The fellow joined the University of Birmingham as a Senior Lecturer. During the project, the fellow, leading an independent research group of students, postdocs and visiting staff, has developed collaborations with various groups in Europe, UK and US. These include Vienna University, Aalto University, Exeter University, Queen Mary University of London while maintaining his original collaborations in mainland China and industry. The project accelerates much on the development of fellow’s career, allowing him to travel around to disseminate results through 19 publications and over 20 invited talks, with a promotion to Reader in Photonics. These newly established connections to Europe will allow the fellow to increase his international visibility and competitiveness as well.
In this project, we are interested in non-Hermitian systems and therefore have been putting our focus on parity-time symmetry, a simple example of non-Hermitian systems, and the associated exceptional points. Due to the ability of metamaterials to have both magnetic and electric responses, there are more degrees of freedom to construct parity-time symmetric systems using metamaterials than using dielectrics. By cross-matching permittivity and permeability or by using bianisotropy of metamaterials with appropriate gain-loss contrast, we have developed a unique theoretical approach based on interpreting the system constitutive matrix as Hamiltonian to construct parity-time symmetric systems. On one hand, our approach gives rise to an equivalent set of special wave phenomena, such as laser-absorber, phase transition, unidirectional zero reflection, etc, proving metamaterials constitute a versatile platform for studying non-Hermiticity. On the other hand, the resonating nature of metamaterial structures enables a much smaller system thickness to have sufficient light-matter interaction, leading us to more compact parity-time symmetric systems. We have then employed microwave transmission lines coupled with metamaterial structures to experimentally demonstrate phase transition of coherent perfect absorption and unidirectional zero reflection with a subwavelength system thickness. These developments represent significant advance in concepts and represent valuable tools for constructing exceptional-point-based devices in the field of optics and classical waves in a broader context. The resonance in metamaterials can also be used to enhance sensitivity in sensing applications based on PT-symmetry.

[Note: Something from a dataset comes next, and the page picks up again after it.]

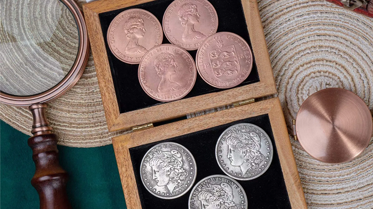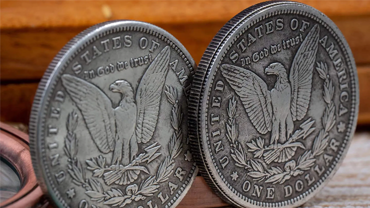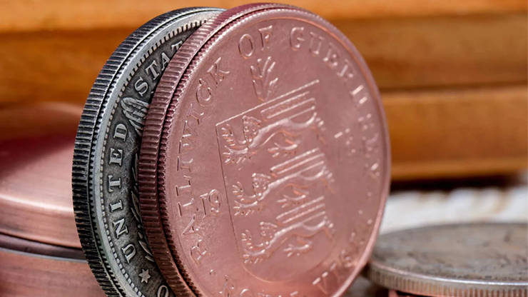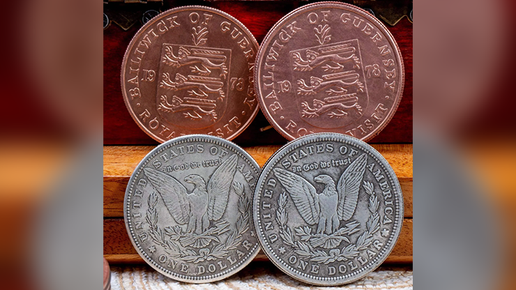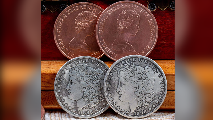 This time, you can perform this classic coin magic effect with an Penny coin and a Morgan coin.

The fellow joined the University of Birmingham as a Senior Lecturer. During the project, the fellow, leading an independent research group of students, postdocs and visiting staff, has developed collaborations with various groups in Europe, UK and US. These include Vienna University, Aalto University, Exeter University, Queen Mary University of London while maintaining his original collaborations in mainland China and industry. The project accelerates much on the development of fellow’s career, allowing him to travel around to disseminate results through 19 publications and over 20 invited talks, with a promotion to Reader in Photonics. These newly established connections to Europe will allow the fellow to increase his international visibility and competitiveness as well.